Bolívar ecuestre. Foto. Carolina Crisorio

La semana pasada, una noticia captó la atención de los medios de comunicación: en Ecuador fue hallado un documento en español que corresponde a la Carta de Jamaica, de Simón Bolívar. Se conocía de ella en la versión en inglés, pero no en español, de modo que el hallazgo tenía una importancia especial.

A Quito llegó una comisión venezolana encabezada por el exministro de Cultura de Venezuela, el historiador Pedro Calzadilla, la misma que constató la autenticidad y veracidad del texto. Por ello, el Presidente Nicolás Maduro anunció la existencia del documento e, incluso, dijo que solicitaría al presidente Rafael Correa la presentación de esa Carta en la próxima reunión de presidentes de Unasur.

De lo que hasta hoy conocemos, el texto en español es atribuido al secretario de Bolívar, que era Pedro Briceño; pero falta en el original la última página con las firmas sobre el documento. Sin embargo, su autenticidad está garantizada. De modo que el hecho de que en Ecuador se haya encontrado ese texto, reviste tanto una significación simbólica como histórica.

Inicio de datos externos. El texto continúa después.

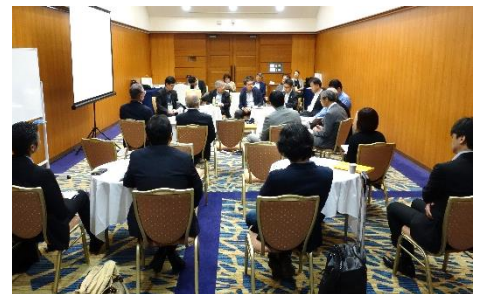
ラウンドテーブル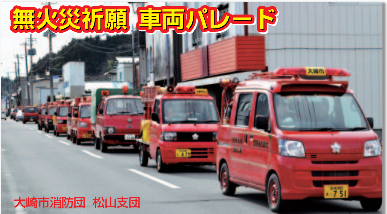
大崎市消防団 松山支団

Simbólica, porque revive un momento de enorme significación en la vida de Simón Bolívar y de la gesta de independencia de América Latina. La Carta de Jamaica, en la versión que conocíamos, la dirigió el Libertador al comerciante inglés Henry Cullen, desde Kingston, Jamaica, el 6 de septiembre de 1815, como “Contestación de un Americano Meridional a un Caballero de esta Isla”.  Y Bolívar la hace ante el interés de su amigo inglés sobre las revoluciones que en esos días estaban ocurriendo en Hispanoamérica con miras a obtener la independencia frente a España.

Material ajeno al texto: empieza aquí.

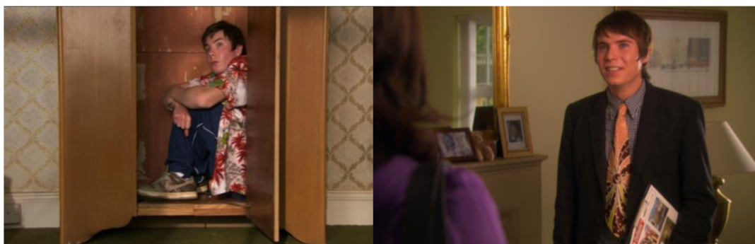
Obrázek č. 16 a č. 17: Proměna v Chrisově stylu oblékání

Chrisův styl oblékání je charakteristický pohodlností a ležérností, jako jeho flegmatický způsob chování. Pro Chrise je charakteristické extrovertní chování, přátelská a veselá povaha, a zásadně nepromešká žádnou příležitost se buď zasmát anebo rozesmát ostatní. Proto je často zobrazován v svršcích s barevnými nebo dětskými motivy. Změnu v oblékání je možné pozorovat v počátečních epizodách druhé série, kdy začne pracovat jako realitní makléř, a je nucen se oblékat více formálně. Jeho přístup se změní, a to se tedy skutečně projeví na jeho stylu oblékání, kdy najednou působí jako zodpovědný a cílevědomý jedinec. Příklad můžeme pozorovat v níže uvedených obrázcích.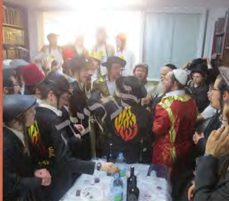
פורים בישיבת ברמלצ'ני בירק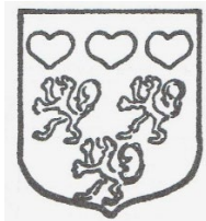
Wapen van Joos de Clerck, schepen van Opwijk (einde 16e eeuw), volgens zerk in de kerk van Merchtem. (Jan Lindemans, Geschiedenis van Opwijk, 1937, blz. 277).

En la Carta, el Libertador da cuenta del proceso independentista, lo valora y lo defiende. Ataca a España, cuya política y cuyo comportamiento ha generado el “odio” de los americanos. Reclama a Europa que no ha intervenido siquiera para interceder ante España a favor de la causa de la libertad de los pueblos situados al otro lado del Atlántico. Y sobre todo, el Libertador argumenta acerca de la condición de los americanos rebeldes, que no han podido ejercer su propio gobierno y que se hallan en una situación inédita en la historia universal.

Bolívar reconoce que es imposible determinar a dónde se encaminará esta América una vez independiente. Señala que su situación es parecida a la del antiguo imperio romano, pues cuando este se extinguió, se crearon las más variadas formas políticas de Estado en las distintas regiones en donde se había asentado.

Pero Bolívar está absolutamente convencido de que lo único que puede garantizar el futuro es la unidad: “Yo deseo más que otro alguno ver formar en América la más grande nación del mundo, menos por su extensión y riquezas que por su libertad y gloria”.

De allí deriva la significación histórica del texto en español de la Carta de Jamaica. Porque reanuda, para la actualidad, el sentido de unidad, que fuera el eje del pensamiento bolivariano y que hoy se expande en Nuestra América Latina, con una nueva conciencia sobre su presente y futuro.